Next to that, determining a confidence interval around a test statistic doesn't make sense either, as it is calculated based on your sample and not an estimate. You determine confidence intervals around estimates like means and the likes, but not around test statistics.

Permutation tests should not be used on datasets that are so big you can't calculate all possible permutations any more. If that's the case, use a bootstrap procedure to determine the cut-off for the test statistic you use. But again, this has little to do with a 95% confidence interval.

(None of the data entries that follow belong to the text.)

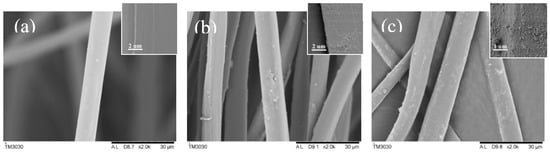 Morphology of waste silk after different treatments: (a) wSF; (b) wSF-PDA; (c) wSF-PDA/Fe.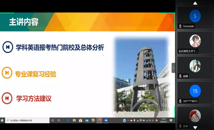 依托线上平台成功召开了考研经验交流会,11位2016级学生代表及300余名学生参加了此次会议。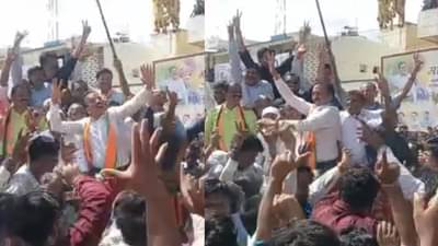 खेमचंद कुमावत, जळगाव : मंत्रिमंडळ विस्तारानंतर भाजप नेते आणि मंत्री गिरीश महाजन (Girish Mahajan) आज पहिल्यांदाच आपल्या मतदारसंघात पोहोचले. त्यावेळी कार्यकर्त्यांकडून महाजनांचं जंगी स्वागत (Warm Welcome) करण्यात आलं. हजारोंची गर्दी, ढोलताशाचा गजर, फटाक्यांची आतषबाजी, जोरदार घोषणाबाजी अशा वातावरणात महाजनांची उघड्या जीपमधून मिरवणूकही काढण्यात आली. त्यावेळी कार्यकर्त्यांनी महाजनांना डान्स (Girish Mahajan Dance) करण्याचा आग्रह केला. सुरुवातीला नाही म्हणणाऱ्या महाजनांनी नंतर मात्र चांगलाच ठेका धरला. यापूर्वीही अनेकदा गिरीश महाजन यांना ढोल वाजवताना, लेझीम खेळताना आणि नाचताना पाहिलं आहे. यावेळी मात्र मंत्रिपदाचा आनंद महाजनांच्या चेहऱ्यावर स्पष्ट दिसत होता.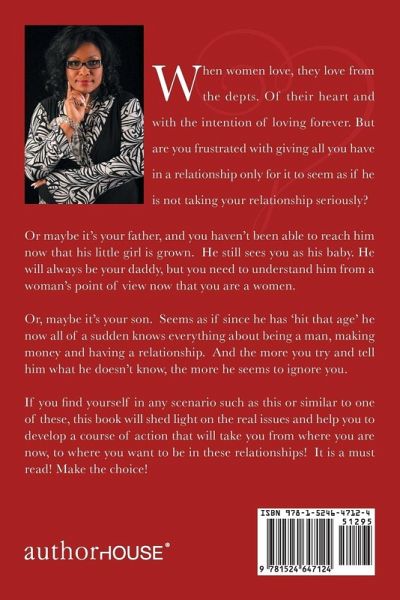When women love, they love from the depts. Of their heart and with the intention of loving forever. But are you frustrated with giving all you have in a relationship only for it to seem as if he is not taking your relationship seriously? Or maybe it’s your father, and you haven’t been able to reach him now that his little girl is grown. He still sees you as his baby. He will always be your daddy, but you need to understand him from a woman’s point of view now that you are a women. Or, maybe it’s your son. Seems as if since he has ‘hit that age’ he now all of a sudden knows everything about being a man, making money and having a relationship. And the more you try and tell him what he doesn’t know, the more he seems to ignore you. If you find yourself in any scenario such as this or similar to one of these, this book will shed light on the real issues and help you to develop a course of action that will take you from where you are now, to where you want to be in these relationships! It is a must read! Make the choice!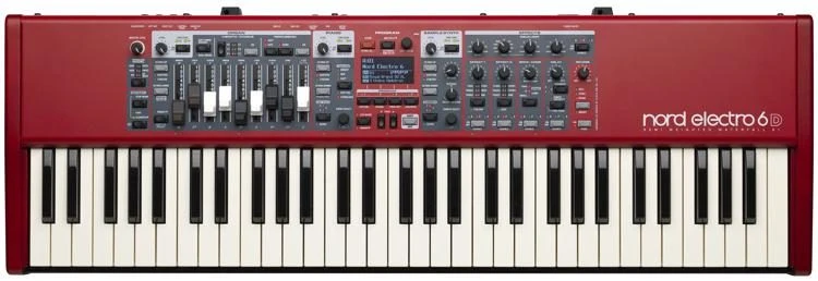The Nord Electro 6 features award-winning Nord C2D Organ simulations of B3 Tonewheel, B3 Bass and Vintage Transistor Organs plus two Pipe Organ models. The extremely authentic B3 Tonewheel simulation features four different tone wheel settings, ranging from factory new clean to leaky old vintage. An improved dedicated Bass mode simulating the Pedal Bass Tonewheels are available for either splitting with a Piano or Synth or with a B3 Upper Manual in Dual Organ Mode. Nord’s impeccable simulations of the classic 1960’s Transistor Organs, Vox Continental and Farfisa Compact with all the classic settings, are also included in the Organ section.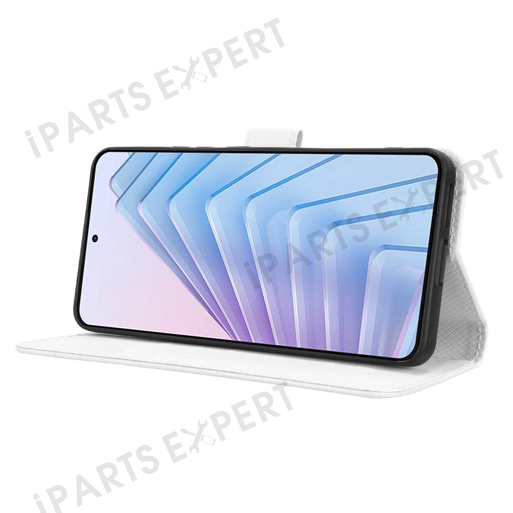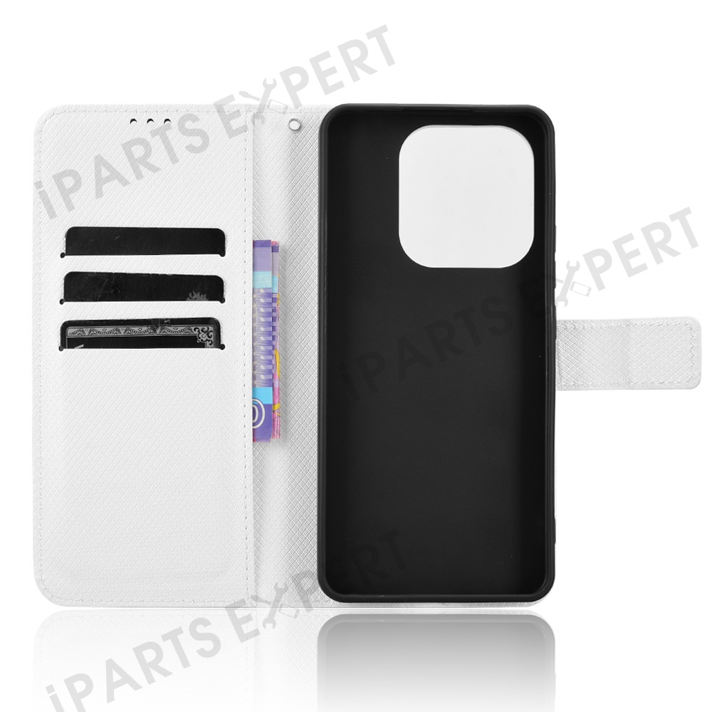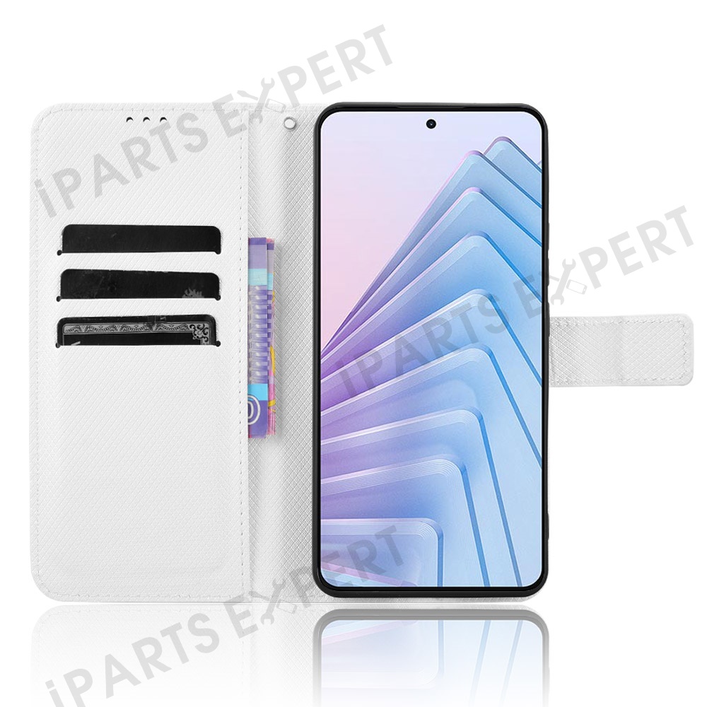 For Xiaomi Redmi Note 14 4G (163.25mm) Case PU Leather Diamond Texture Wallet Phone Cover - White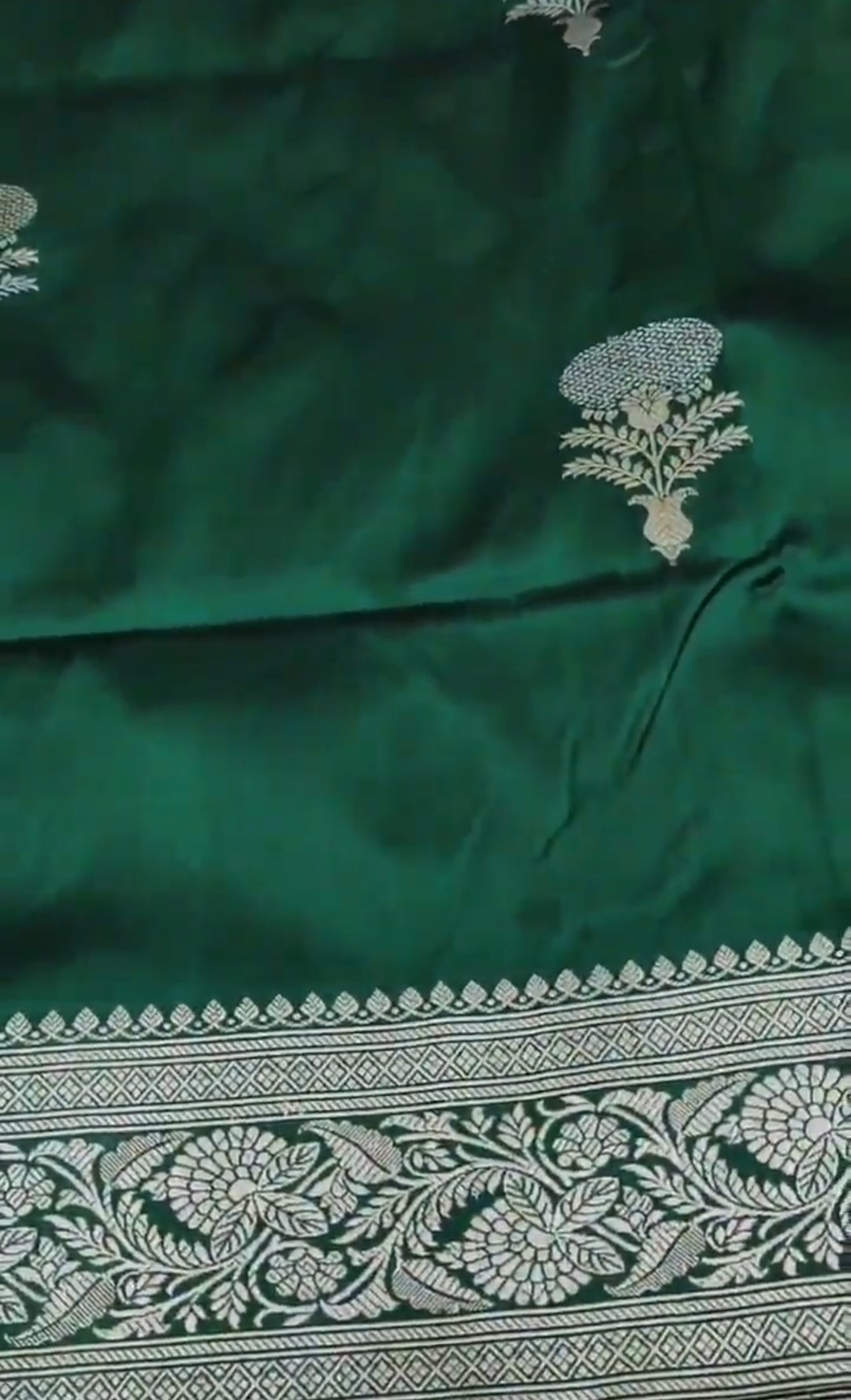 Bottle Green Banarasi Handloom Katan Silk Meenakari Saree

An example : I use here the classic T-statistic, but use a simple approach to bootstrapping for calculation of the empirical distribution of my statistic. Based on that, I calculate an empirical p-value :

x <- c(11.4,25.3,29.9,16.5,21.1)
y <- c(23.7,26.6,28.5,14.2,17.9,24.3)

t.sample <- t.test(x,y)$statistic
t.dist <- apply(
      replicate(1000,sample(c(x,y),11,replace=F)),2,
      function(i){t.test(i[1:5],i[6:11])$statistic})

# two sided testing
center <- mean(t.dist)
t.sample <-abs(t.sample-center)
t.dist <- abs(t.dist - center)
p.value <- sum( t.sample < t.dist ) / length(t.dist)
p.value

Take into account that this 2-sided testing only works for symmetrical distributions. Non-symmetrical distributions are typically only tested one-sided.

EDIT :

OK, I misunderstood the question. If you want to calculate a confidence interval on the estimate of the difference, you can use the code mentioned here for bootstrapping within each sample. Mind you, this is a biased estimate: generally this gives a CI that is too small. Also see the example given there as a reason why you have to use a different approach for the confidence interval and the p-value.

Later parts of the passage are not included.